Now reperform the Benchmark and see the result:
$ time docker run --net=host --rm jordi/ab ab -c 10000 -n 30000 -r http://localhost:80/
This is ApacheBench, Version 2.3 <$Revision: 1796539 $>
Copyright 1996 Adam Twiss, Zeus Technology Ltd, http://www.zeustech.net/
Licensed to The Apache Software Foundation, http://www.apache.org/
Benchmarking localhost (be patient)
Completed 3000 requests
Completed 6000 requests
Completed 9000 requests
Completed 12000 requests
Completed 15000 requests
Completed 18000 requests
Completed 21000 requests
Completed 24000 requests
Completed 27000 requests
Completed 30000 requests
Finished 30000 requests
Server Software: Apache/2.4.29
Server Hostname: localhost
Server Port: 80
Document Path: /
Document Length: 45 bytes
Concurrency Level: 10000
Time taken for tests: 77.014 seconds
Complete requests: 30000
Failed requests: 167
(Connect: 0, Receive: 22, Length: 123, Exceptions: 22)
Total transferred: 8635031 bytes
HTML transferred: 1344555 bytes
Requests per second: 389.54 [#/sec] (mean)
Time per request: 25671.464 [ms] (mean)
Time per request: 2.567 [ms] (mean, across all concurrent requests)
Transfer rate: 109.49 [Kbytes/sec] received
Connection Times (ms)
min mean[+/-sd] median max
Connect: 0 6530 10928.3 1369 35220
Processing: 1 931 2714.5 505 64186
Waiting: 0 655 2305.9 256 64186
Total: 1 7460 11398.3 2432 65780
Percentage of the requests served within a certain time (ms)
50% 2432
66% 3324
75% 3973
80% 15080
90% 33031
95% 33893
98% 34062
99% 34100
100% 65780 (longest request)
real 1m 18.10s
user 0m 0.01s
sys 0m 0.00s
This result introduces a new tool implemented in Docker Swarm, the load balancing.
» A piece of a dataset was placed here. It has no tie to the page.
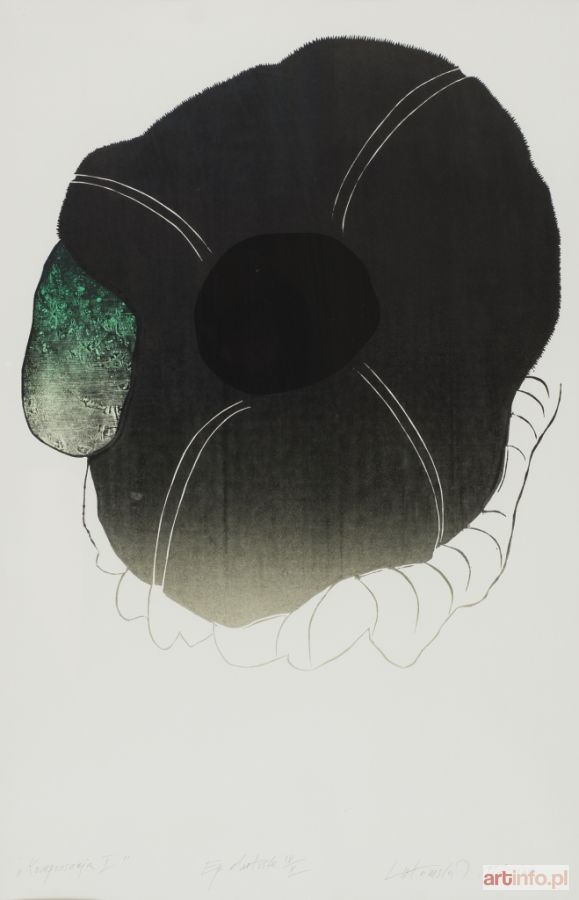 Linoryt barwny, papier, wym. w świetle passe-partout 88 x 56,5 cm, sygn. i dat. ołówkiem p.d.: Lutomski Z 1997 imp., opisany l.d.: "Kompensacja I", śr.d.: Ep.d'artiste IX/X/.

As you can see, we have hit a manager(but should perform a connection using an IP address of another node) and the Swarm redirect the request to a running node.
Some other stuff
By default, the manager is also a worker. To avoid this, write:
docker node update --availability drain manager1
To delete a docker-machine
created, just write:
docker-machine rm <NAME_LIST> (e.g. manager1 worker1 worker2)
To scale the number of tasks that run for a service, you can execute:
docker service scale web=8
Try to delete a worker1
(write docker-machine rm worker1
) where, probably, is running a task and see, executing on manager1
docker service ps web
what happens (answer: the manager reschedule the task on another node automatically).